> WHAT TO PRODUCE
Please reproduce every entry, keeping each one exact.

[Dataset excerpts]
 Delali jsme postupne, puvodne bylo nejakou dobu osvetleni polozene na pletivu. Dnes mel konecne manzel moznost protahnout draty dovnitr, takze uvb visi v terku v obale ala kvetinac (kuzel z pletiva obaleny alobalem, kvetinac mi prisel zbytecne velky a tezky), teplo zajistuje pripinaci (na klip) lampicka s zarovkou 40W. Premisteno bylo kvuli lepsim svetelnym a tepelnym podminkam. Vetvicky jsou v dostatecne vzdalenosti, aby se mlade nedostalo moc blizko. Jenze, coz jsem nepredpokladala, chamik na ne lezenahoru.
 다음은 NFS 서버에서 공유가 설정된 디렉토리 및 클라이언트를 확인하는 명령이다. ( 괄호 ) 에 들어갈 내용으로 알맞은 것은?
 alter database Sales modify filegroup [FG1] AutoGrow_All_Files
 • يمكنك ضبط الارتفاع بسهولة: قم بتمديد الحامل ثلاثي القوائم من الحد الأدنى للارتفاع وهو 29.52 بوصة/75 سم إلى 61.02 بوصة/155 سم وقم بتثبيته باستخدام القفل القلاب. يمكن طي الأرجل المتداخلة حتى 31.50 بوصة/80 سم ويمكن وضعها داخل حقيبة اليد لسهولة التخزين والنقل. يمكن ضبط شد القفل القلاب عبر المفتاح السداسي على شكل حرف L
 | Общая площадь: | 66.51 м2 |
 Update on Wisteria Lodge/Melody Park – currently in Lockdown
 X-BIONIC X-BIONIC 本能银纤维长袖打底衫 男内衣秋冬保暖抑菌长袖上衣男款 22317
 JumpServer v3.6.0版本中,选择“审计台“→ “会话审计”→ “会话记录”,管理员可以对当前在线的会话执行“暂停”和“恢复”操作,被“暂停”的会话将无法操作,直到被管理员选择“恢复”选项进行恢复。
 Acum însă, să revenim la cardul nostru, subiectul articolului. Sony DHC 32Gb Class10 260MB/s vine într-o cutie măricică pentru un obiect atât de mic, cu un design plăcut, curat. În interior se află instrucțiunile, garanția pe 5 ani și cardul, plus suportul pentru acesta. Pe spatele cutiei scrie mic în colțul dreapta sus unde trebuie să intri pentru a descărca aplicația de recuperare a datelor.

> WRITTEN SOLUTION
 Delali jsme postupne, puvodne bylo nejakou dobu osvetleni polozene na pletivu. Dnes mel konecne manzel moznost protahnout draty dovnitr, takze uvb visi v terku v obale ala kvetinac (kuzel z pletiva obaleny alobalem, kvetinac mi prisel zbytecne velky a tezky), teplo zajistuje pripinaci (na klip) lampicka s zarovkou 40W. Premisteno bylo kvuli lepsim svetelnym a tepelnym podminkam. Vetvicky jsou v dostatecne vzdalenosti, aby se mlade nedostalo moc blizko. Jenze, coz jsem nepredpokladala, chamik na ne lezenahoru.
 다음은 NFS 서버에서 공유가 설정된 디렉토리 및 클라이언트를 확인하는 명령이다. ( 괄호 ) 에 들어갈 내용으로 알맞은 것은?
 alter database Sales modify filegroup [FG1] AutoGrow_All_Files
 • يمكنك ضبط الارتفاع بسهولة: قم بتمديد الحامل ثلاثي القوائم من الحد الأدنى للارتفاع وهو 29.52 بوصة/75 سم إلى 61.02 بوصة/155 سم وقم بتثبيته باستخدام القفل القلاب. يمكن طي الأرجل المتداخلة حتى 31.50 بوصة/80 سم ويمكن وضعها داخل حقيبة اليد لسهولة التخزين والنقل. يمكن ضبط شد القفل القلاب عبر المفتاح السداسي على شكل حرف L
 | Общая площадь: | 66.51 м2 |
 Update on Wisteria Lodge/Melody Park – currently in Lockdown
 X-BIONIC X-BIONIC 本能银纤维长袖打底衫 男内衣秋冬保暖抑菌长袖上衣男款 22317
 JumpServer v3.6.0版本中,选择“审计台“→ “会话审计”→ “会话记录”,管理员可以对当前在线的会话执行“暂停”和“恢复”操作,被“暂停”的会话将无法操作,直到被管理员选择“恢复”选项进行恢复。
 Acum însă, să revenim la cardul nostru, subiectul articolului. Sony DHC 32Gb Class10 260MB/s vine într-o cutie măricică pentru un obiect atât de mic, cu un design plăcut, curat. În interior se află instrucțiunile, garanția pe 5 ani și cardul, plus suportul pentru acesta. Pe spatele cutiei scrie mic în colțul dreapta sus unde trebuie să intri pentru a descărca aplicația de recuperare a datelor.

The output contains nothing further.